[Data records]
□ □ □ □ □

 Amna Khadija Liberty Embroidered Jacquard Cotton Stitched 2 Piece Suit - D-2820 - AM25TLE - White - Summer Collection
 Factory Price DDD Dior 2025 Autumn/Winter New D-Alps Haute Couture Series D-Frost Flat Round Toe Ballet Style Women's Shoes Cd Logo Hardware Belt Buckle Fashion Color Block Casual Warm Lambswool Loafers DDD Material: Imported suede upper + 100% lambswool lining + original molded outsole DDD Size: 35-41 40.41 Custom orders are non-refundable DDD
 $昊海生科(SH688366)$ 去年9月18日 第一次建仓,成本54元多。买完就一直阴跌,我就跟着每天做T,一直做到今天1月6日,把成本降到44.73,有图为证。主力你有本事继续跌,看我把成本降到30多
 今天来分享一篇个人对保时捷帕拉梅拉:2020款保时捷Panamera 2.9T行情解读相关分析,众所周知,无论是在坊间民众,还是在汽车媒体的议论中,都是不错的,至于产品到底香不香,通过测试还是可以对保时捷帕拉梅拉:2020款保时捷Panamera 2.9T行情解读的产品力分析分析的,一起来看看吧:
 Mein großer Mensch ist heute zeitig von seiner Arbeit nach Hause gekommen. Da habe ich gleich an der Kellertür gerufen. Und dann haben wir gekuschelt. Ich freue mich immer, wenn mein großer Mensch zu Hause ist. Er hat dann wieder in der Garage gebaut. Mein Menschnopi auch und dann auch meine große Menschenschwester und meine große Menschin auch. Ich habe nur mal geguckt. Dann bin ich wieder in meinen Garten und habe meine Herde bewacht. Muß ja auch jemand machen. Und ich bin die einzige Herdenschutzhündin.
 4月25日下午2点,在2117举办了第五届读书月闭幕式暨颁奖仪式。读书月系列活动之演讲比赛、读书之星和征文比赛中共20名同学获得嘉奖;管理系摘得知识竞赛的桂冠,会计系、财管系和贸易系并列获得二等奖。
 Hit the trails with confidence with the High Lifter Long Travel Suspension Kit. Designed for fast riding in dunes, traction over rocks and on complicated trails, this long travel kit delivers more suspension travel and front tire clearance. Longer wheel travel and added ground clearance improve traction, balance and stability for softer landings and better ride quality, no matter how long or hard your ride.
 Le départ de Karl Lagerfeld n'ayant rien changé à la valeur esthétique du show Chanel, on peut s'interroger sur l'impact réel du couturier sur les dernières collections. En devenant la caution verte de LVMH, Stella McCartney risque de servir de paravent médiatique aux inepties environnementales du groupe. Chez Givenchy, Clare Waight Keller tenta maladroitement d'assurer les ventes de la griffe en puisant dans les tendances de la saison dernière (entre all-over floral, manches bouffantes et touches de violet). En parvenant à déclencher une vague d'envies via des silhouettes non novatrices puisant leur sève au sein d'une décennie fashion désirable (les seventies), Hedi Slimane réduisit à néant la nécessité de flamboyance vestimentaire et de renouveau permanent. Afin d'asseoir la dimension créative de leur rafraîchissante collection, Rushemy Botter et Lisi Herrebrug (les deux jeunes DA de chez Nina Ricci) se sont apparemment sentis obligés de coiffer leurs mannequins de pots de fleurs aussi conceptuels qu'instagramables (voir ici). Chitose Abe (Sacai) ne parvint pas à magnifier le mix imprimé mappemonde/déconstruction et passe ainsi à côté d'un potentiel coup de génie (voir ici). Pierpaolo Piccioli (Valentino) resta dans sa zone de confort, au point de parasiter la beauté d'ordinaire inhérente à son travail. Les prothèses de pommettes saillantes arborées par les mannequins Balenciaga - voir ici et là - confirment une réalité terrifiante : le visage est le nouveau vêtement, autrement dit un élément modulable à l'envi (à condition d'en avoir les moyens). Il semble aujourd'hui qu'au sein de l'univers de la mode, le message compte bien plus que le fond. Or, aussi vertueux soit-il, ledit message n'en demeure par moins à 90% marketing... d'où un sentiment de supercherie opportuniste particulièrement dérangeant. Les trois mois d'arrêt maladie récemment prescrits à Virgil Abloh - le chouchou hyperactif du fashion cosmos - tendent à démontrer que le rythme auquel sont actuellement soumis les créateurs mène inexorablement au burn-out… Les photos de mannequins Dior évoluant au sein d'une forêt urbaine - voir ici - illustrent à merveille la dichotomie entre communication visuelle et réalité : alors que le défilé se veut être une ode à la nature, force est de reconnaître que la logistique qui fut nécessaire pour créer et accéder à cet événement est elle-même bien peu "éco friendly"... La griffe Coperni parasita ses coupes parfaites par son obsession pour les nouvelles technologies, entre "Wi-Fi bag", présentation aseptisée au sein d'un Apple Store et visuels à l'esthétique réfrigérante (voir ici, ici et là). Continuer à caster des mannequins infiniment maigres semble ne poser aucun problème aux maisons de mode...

□ □ □ □ □

§ TASK REQUIREMENTS:
Whatever appears in the data above should be set down again exactly.

§ ANSWER SPACE:
 Amna Khadija Liberty Embroidered Jacquard Cotton Stitched 2 Piece Suit - D-2820 - AM25TLE - White - Summer Collection
 Factory Price DDD Dior 2025 Autumn/Winter New D-Alps Haute Couture Series D-Frost Flat Round Toe Ballet Style Women's Shoes Cd Logo Hardware Belt Buckle Fashion Color Block Casual Warm Lambswool Loafers DDD Material: Imported suede upper + 100% lambswool lining + original molded outsole DDD Size: 35-41 40.41 Custom orders are non-refundable DDD
 $昊海生科(SH688366)$ 去年9月18日 第一次建仓,成本54元多。买完就一直阴跌,我就跟着每天做T,一直做到今天1月6日,把成本降到44.73,有图为证。主力你有本事继续跌,看我把成本降到30多
 今天来分享一篇个人对保时捷帕拉梅拉:2020款保时捷Panamera 2.9T行情解读相关分析,众所周知,无论是在坊间民众,还是在汽车媒体的议论中,都是不错的,至于产品到底香不香,通过测试还是可以对保时捷帕拉梅拉:2020款保时捷Panamera 2.9T行情解读的产品力分析分析的,一起来看看吧:
 Mein großer Mensch ist heute zeitig von seiner Arbeit nach Hause gekommen. Da habe ich gleich an der Kellertür gerufen. Und dann haben wir gekuschelt. Ich freue mich immer, wenn mein großer Mensch zu Hause ist. Er hat dann wieder in der Garage gebaut. Mein Menschnopi auch und dann auch meine große Menschenschwester und meine große Menschin auch. Ich habe nur mal geguckt. Dann bin ich wieder in meinen Garten und habe meine Herde bewacht. Muß ja auch jemand machen. Und ich bin die einzige Herdenschutzhündin.
 4月25日下午2点,在2117举办了第五届读书月闭幕式暨颁奖仪式。读书月系列活动之演讲比赛、读书之星和征文比赛中共20名同学获得嘉奖;管理系摘得知识竞赛的桂冠,会计系、财管系和贸易系并列获得二等奖。
 Hit the trails with confidence with the High Lifter Long Travel Suspension Kit. Designed for fast riding in dunes, traction over rocks and on complicated trails, this long travel kit delivers more suspension travel and front tire clearance. Longer wheel travel and added ground clearance improve traction, balance and stability for softer landings and better ride quality, no matter how long or hard your ride.
 Le départ de Karl Lagerfeld n'ayant rien changé à la valeur esthétique du show Chanel, on peut s'interroger sur l'impact réel du couturier sur les dernières collections. En devenant la caution verte de LVMH, Stella McCartney risque de servir de paravent médiatique aux inepties environnementales du groupe. Chez Givenchy, Clare Waight Keller tenta maladroitement d'assurer les ventes de la griffe en puisant dans les tendances de la saison dernière (entre all-over floral, manches bouffantes et touches de violet). En parvenant à déclencher une vague d'envies via des silhouettes non novatrices puisant leur sève au sein d'une décennie fashion désirable (les seventies), Hedi Slimane réduisit à néant la nécessité de flamboyance vestimentaire et de renouveau permanent. Afin d'asseoir la dimension créative de leur rafraîchissante collection, Rushemy Botter et Lisi Herrebrug (les deux jeunes DA de chez Nina Ricci) se sont apparemment sentis obligés de coiffer leurs mannequins de pots de fleurs aussi conceptuels qu'instagramables (voir ici). Chitose Abe (Sacai) ne parvint pas à magnifier le mix imprimé mappemonde/déconstruction et passe ainsi à côté d'un potentiel coup de génie (voir ici). Pierpaolo Piccioli (Valentino) resta dans sa zone de confort, au point de parasiter la beauté d'ordinaire inhérente à son travail. Les prothèses de pommettes saillantes arborées par les mannequins Balenciaga - voir ici et là - confirment une réalité terrifiante : le visage est le nouveau vêtement, autrement dit un élément modulable à l'envi (à condition d'en avoir les moyens). Il semble aujourd'hui qu'au sein de l'univers de la mode, le message compte bien plus que le fond. Or, aussi vertueux soit-il, ledit message n'en demeure par moins à 90% marketing... d'où un sentiment de supercherie opportuniste particulièrement dérangeant. Les trois mois d'arrêt maladie récemment prescrits à Virgil Abloh - le chouchou hyperactif du fashion cosmos - tendent à démontrer que le rythme auquel sont actuellement soumis les créateurs mène inexorablement au burn-out… Les photos de mannequins Dior évoluant au sein d'une forêt urbaine - voir ici - illustrent à merveille la dichotomie entre communication visuelle et réalité : alors que le défilé se veut être une ode à la nature, force est de reconnaître que la logistique qui fut nécessaire pour créer et accéder à cet événement est elle-même bien peu "éco friendly"... La griffe Coperni parasita ses coupes parfaites par son obsession pour les nouvelles technologies, entre "Wi-Fi bag", présentation aseptisée au sein d'un Apple Store et visuels à l'esthétique réfrigérante (voir ici, ici et là). Continuer à caster des mannequins infiniment maigres semble ne poser aucun problème aux maisons de mode...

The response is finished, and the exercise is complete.